Risk is risk period. And those taking more than they should have are going to pay the price. Those that stay the course and did not take more risk than they could or needed to, will have have chance to buy cheap again, once this rout is over.

Just crystal ball gazing

[/quote]
nand
Posts: 447
Joined: Thu Jan 25, 2007 6:38 am

What next for global capital markets?

Post by nand »

In my opinion we are going to see something between a soft landing and a crash. the signs are here already with the Dow going down and the sub-prime lending crisis. Besides I think things go in cycles. It is a good thing and a bad thing. There can never be unconstrained growth ever in the market. A simple analogy - if it is a festival time - diwali or whatever and you have a big feast and gorge yourselves , the next day it is quite likely that you wont be in a position to gorge again and may be eating light. Same with the economy.
vinod
Posts: 53
Joined: Tue Jan 16, 2007 5:01 am

What next for global capital markets?

Post by vinod »

I try not to think too much macro (and much less act on it), but...

I think a more helpful way to think about current valuations and return expectations is not to think in terms of bonds vs stocks but think in terms of leverage and risk. The orgy of risk taking in the last few years has extended the valuations of assets that are risky to a point where the risk premium for that asset is razor thin if not negative.

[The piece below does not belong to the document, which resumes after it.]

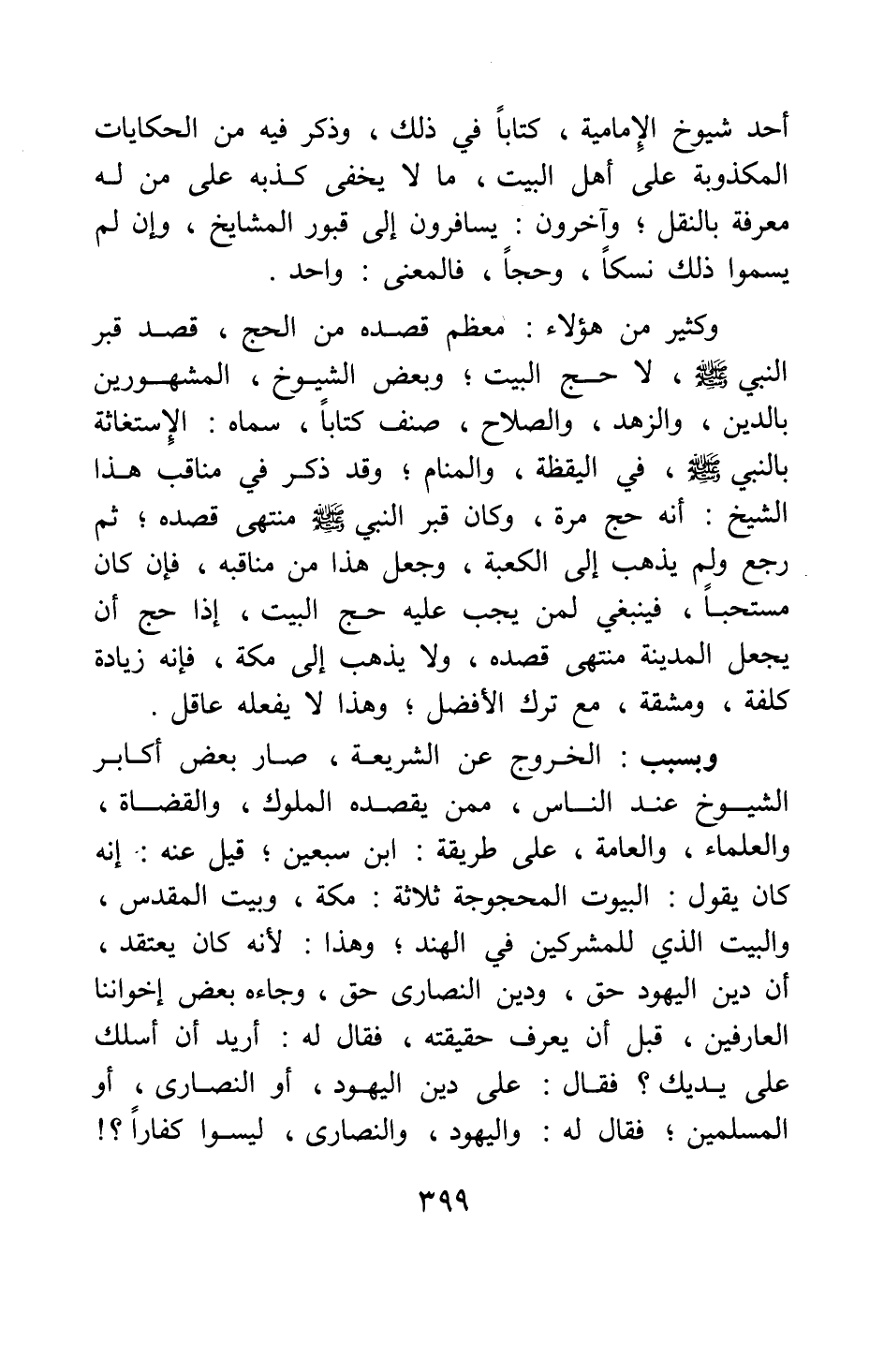 أحد شيوخ الإمامية، كتابا في ذلك، وذكر فيه من الحكايات المكذوبة على أهل البيت، ما لا يخفى كذبه على من له معرفة بالنقل. وآخرون يسافرون إلى قبور المشايخ، وإن لم يسموا ذلك نسكاوحجا، فالمعنى واحد. وكثير من هؤلاء معظم قصده من الحج، قصد قبر النبي صلى الله عليه وسلم، لا حج البيت. وبعض الشيوخ، المشهورين بالدين، والزهد والصلاح، صنف كتابا سماه: الاستغاثة بالنبي صلى الله عليه وسلم في اليقظة والمنام؛ وقد ذكر في مناقب هذا الشيخ: أنه حج مرة، وكان قبر النبي صلى الله عليه وسلم منتهى قصده، ثم رجع ولم يذهب إلى الكعبة، وجعل هذا من مناقبه، فإن كان مستحبا، فينبغي لمن يجب عليه حج البيت، إذا حج أن يجعل المدينة منتهى قصده، ولا يذهب إلى مكة، فإنه زيادة كلفة ومشقة، مع ترك الأفضل; وهذا لا يفعله عاقل.

In Bonds you are getting a rather good real yield of 2.5-2.8% in TIPS in the low risk spectrum and getting a rather narrow spread of 2% (before the recent sell off) in High Yield bonds on the high risk side. In Stocks you have the non-financial bluest of blue chips relatively moderately priced compared to the highly leveraged small value stocks. Basically, the low risk side of the asset classes are moderately priced but the high risk side an an asset class priced for an unprecedented new era of economic stability.

At least I am getting my prayers answered finally: Lord, I do not ask for a bull market and I do not even ask for a bear market. All I want is a little bit of volatility.